Molto articolata e personale la posizione di
Bottai (10): la sua difesa della libertà artistica (richiamata da taluni
come la prova di una variante "buona" del fascismo) era
strumentale : dettata soprattutto da considerazioni di realismo
politico. Riteneva primario far valere le tesi italiane fasciste,
anche attraverso la fascistizzazione della cultura (11); sentiva acutamente
il pericolo della concorrenza tedesca in ambito culturale, la minaccia
di un’assimilazione nella nuova Europa, che schiacciasse la
specificità della cultura italiana con il suo glorioso portato e il
suo presente fascista. A tutto ciò, bisogna aggiungere la sua
intelligente consapevolezza che una politica culturale dispotica
sarebbe stata fallimentare e la distinzione chiara tra il piano della
propaganda per le masse e la cultura "alta".
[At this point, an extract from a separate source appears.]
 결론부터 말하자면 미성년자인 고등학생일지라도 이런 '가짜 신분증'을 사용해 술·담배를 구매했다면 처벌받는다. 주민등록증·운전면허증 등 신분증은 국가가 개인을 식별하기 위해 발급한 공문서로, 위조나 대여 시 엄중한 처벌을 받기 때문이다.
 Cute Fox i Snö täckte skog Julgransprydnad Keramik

La situazione italiana è in effetti molto più
complessa di quella tedesca (12) (che rimane l’imprescindibile termine di
paragone), ove è possibile distinguere più nettamente un’arte
(addirittura un’estetica) di Stato e una vera e propria arte d’opposizione
(a questa estetica ufficiale), una volta risolta la disputa intorno
all’Espressionismo (arte tedesca-nordica o arte degenerata ?),
con la sconfitta della posizione "etnica" di Goebbels, da
parte di Hitler, irrimediabilmente legato ai canoni di un triviale
accademismo tardo-ottocentesco. Mussolini, invece, non ha mai ceduto
alle pressioni per concedere un’investitura esclusiva di arte di
regime, preferendo utilitaristicamente (opportunisticamente)
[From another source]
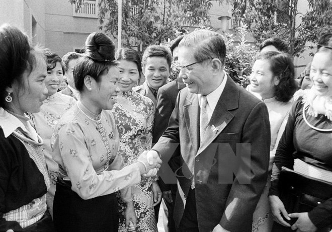 | KPV-Generalsekretär Nguyen Van Linh besucht Einwohner in der Gemeinde Giai Pham in der nordvietnamesischen Provinz Hai Hung. (Foto: Xuan Lam/ vietnamplus.vn) |

avvalersi di tutti gli apporti artistici possibili, assimilabili per i
suoi fini dalla politica culturale fascista, ovvero adeguatamente
predigeriti (e disarmati).
Rifiutare questa sorta di manicheismo aprioristico
non solo non ci esime dallo sforzo di distinguere, ma al
contrario ci impegna a discernere molto più a fondo, nella trama di
una complessità che non possiamo più ignorare (13)
; abbiamo cioè a che
fare con una pluralità di "concetti", come arte fascista /
arte antifascista / arte non fascista / arte di Stato / arte di regime
/ arte non fascista ma che chiede riconoscimento allo stato fascista.
NOTE
9.
Una ricca raccolta di documenti e testimonianze, validamente
presentate, è in Paola Barocchi, Storia moderna dell’arte in
Italia. Manifesti polemiche documenti. Vol. III*, Dal Novecento ai
dibattiti sulla figura e sul monumentale, 1925-1945, Torino,
Einaudi, 1990, pagg. 9-12.
torna su
10.
Faccio riferimento in particolare a sue affermazioni pronunciate nel
discorso di inaugurazione della III Quadriennale, il 5 febbraio 1939.
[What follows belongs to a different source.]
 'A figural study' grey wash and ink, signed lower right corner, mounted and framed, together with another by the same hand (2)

Cfr. Gli anni del Premio Bergamo. Arte in Italia intorno agli Anni
Trenta, (Bergamo, Galleria d’Arte Moderna e Contemporanea e
Accademia Carrara, 25.9.1993/ 9.1.1994), a c. di F. Rossi, Milano,
Electa, 1993, pag. 248. torna
su
11.
Cfr. E. Gentile, Il culto del littorio. La sacralizzazione della
politica nell’Italia fascista, Roma-Bari, Laterza, 1993. In
particolare nel V capitolo (I templi della fede, dedicato
alle arti), ha notevole rilievo il richiamo di Bottai all’ortodossia
fascista, come argine invalicabile dalla libertà dell’artista. torna
su
12.
Cfr. H. Brenner, La politica culturale del nazismo, Bari,
Laterza, 1965 (H. Brenner, Die Kunstpolitik des Nationalsozialismus,
Rowohlt, Reinbeck bei Hamburg, 1963). torna
su
13. Cfr
J. Clair, La responsabilità dell’artista. Le avanguardie tra
terrore e ragione, Milano, Allemandi, 1997 (J. Clair, La
responsabilité de l’artiste, Paris, Gallimard, 1997) e Les
réalismes 1919-1939, (Parigi, Centre Georges Pompidou,
17.12.1980/20.4.1981 e Berlino, Staatliche Kunsthalle,
10.5/30.6.1981), catalogo della mostra a c. di J. Clair, Parigi,
Centre Georges Pompidou, 1980: testi di capitale importanza.